Substitute $126.85°\text{C}$ for T, $7.1330$ for A, $1516.79$ for B, and $174.95$ for C in Equation (15).

$\begin{array}{c}{P}^{sat}={10}^{\left[7.1330-\frac{1516.79}{174.95+126.85}\right]}\\ =128\text{mm}\cdot \text{Hg}\left(\frac{0.00133\text{bar}}{1\text{mm}\cdot \text{Hg}}\right)\\ =0.171\text{bar}\end{array}$

Thus, the best estimate of vapor pressure at temperature of $\text{400}\text{K}$ is $\text{0}\text{.171}\text{bar}$.

Assume ideal gas behavior, as the obtained value of pressure is less,

$f^{sat}=P^{sat}$

Substitute $\text{0}\text{.171}\text{bar}$ for $P^{sat}$.

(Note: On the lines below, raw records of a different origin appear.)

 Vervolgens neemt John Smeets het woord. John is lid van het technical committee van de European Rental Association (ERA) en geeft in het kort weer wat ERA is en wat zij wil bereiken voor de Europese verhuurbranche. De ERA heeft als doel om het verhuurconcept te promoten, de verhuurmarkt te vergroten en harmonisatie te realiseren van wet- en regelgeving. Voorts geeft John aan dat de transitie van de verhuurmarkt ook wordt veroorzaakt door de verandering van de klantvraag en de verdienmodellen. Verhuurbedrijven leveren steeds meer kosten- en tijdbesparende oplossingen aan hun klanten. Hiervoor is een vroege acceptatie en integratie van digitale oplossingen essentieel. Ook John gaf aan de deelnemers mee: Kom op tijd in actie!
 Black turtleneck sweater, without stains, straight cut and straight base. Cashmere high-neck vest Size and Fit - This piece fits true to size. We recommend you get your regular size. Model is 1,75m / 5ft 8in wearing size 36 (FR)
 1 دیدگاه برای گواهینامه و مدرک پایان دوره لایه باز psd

$f^{sat}=\text{0}\text{.171}\text{bar}$

Substitute $\text{0}\text{.171}\text{bar}$ for $f^{sat}$, $\text{87}\text{.87}{\text{cm}}^{\text{3}}/\text{mol}$ for ${\underset{\_}{V}}^L$, $\text{100}\text{bar}$ for $P$, $\text{0}\text{.171}\text{bar}$ for $P^{sat}$, $83.14\text{bar}\cdot {\text{cm}}^{\text{3}}/\text{mol}\cdot \text{K}$ for R and $\text{400 K}$ for T in Equation (14).

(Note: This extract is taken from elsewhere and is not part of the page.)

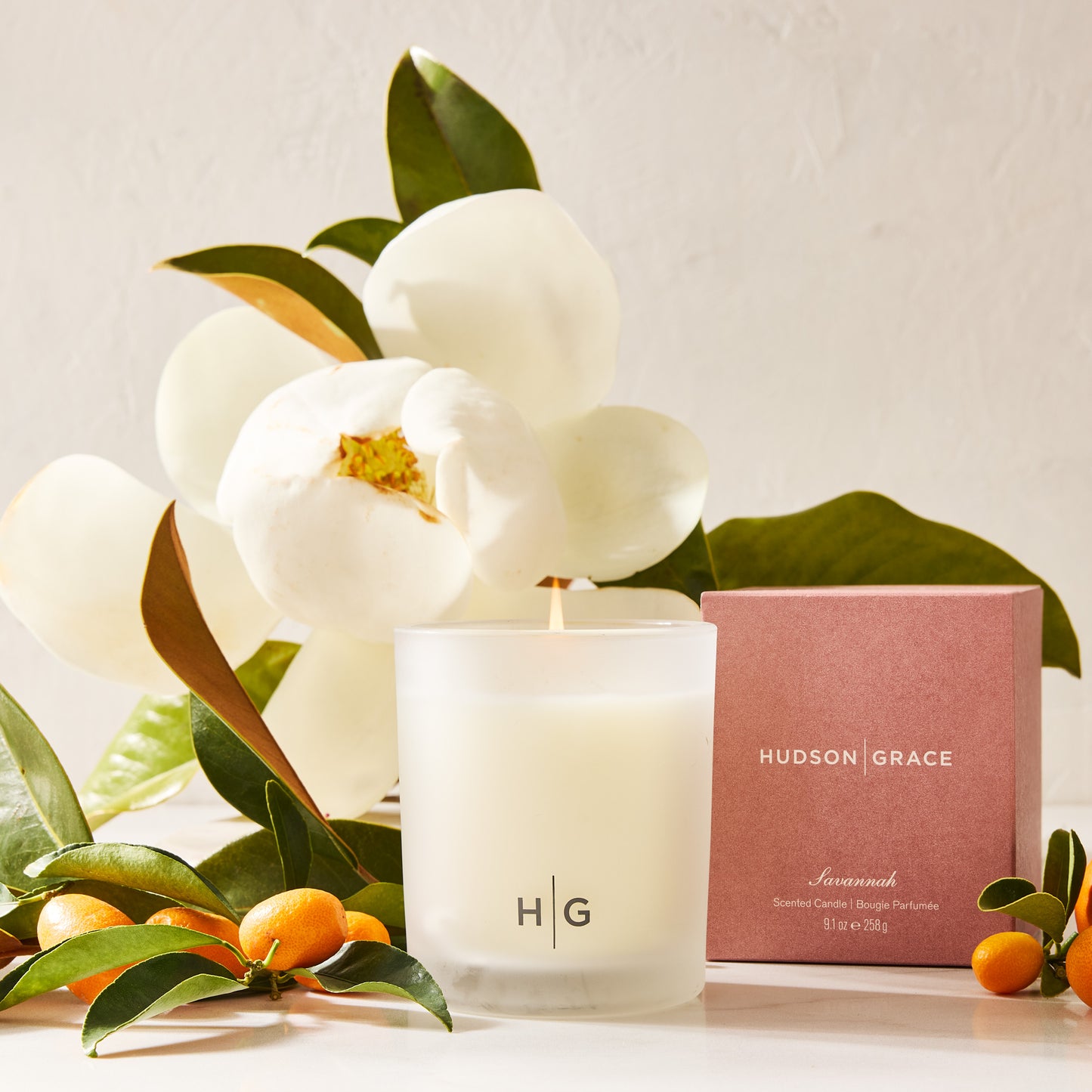 The Hudson Grace Savannah Scented Candle fills your space with true magnolia and citrus notes — a gracious and sophisticated combination. This fragrance is ideal for a guest room or breezeway, filling the room with a light and fresh floral scent that is as welcoming and wonderful as a sun-soaked Southern porch.

$\begin{array}{c}f=f^{sat}\exp \left\{\frac{{\underset{\_}{V}}^L\left(P-P^{sat}\right)}{RT}\right\}\\ =\left(\text{0}\text{.171}\text{bar}\right)\exp \left\{\frac{\text{87}\text{.87}{\text{cm}}^{\text{3}}/\text{mol}\left(\text{100}\text{bar}-\text{0}\text{.171}\text{bar}\right)}{\left(83.14\text{bar}\cdot {\text{cm}}^{\text{3}}/\text{mol}\cdot \text{K}\right)\left(\text{400 K}\right)}\right\}\\ =\left(0.171\text{bar}\right)\left(1.302\right)\\ =0.223\text{bar}\end{array}$

Thus, the fugacity in the liquid phase at temperature of $\text{400}\text{K}$ and pressure of $\text{100}\text{bar}$ is $\text{0}\text{.223}\text{bar}$.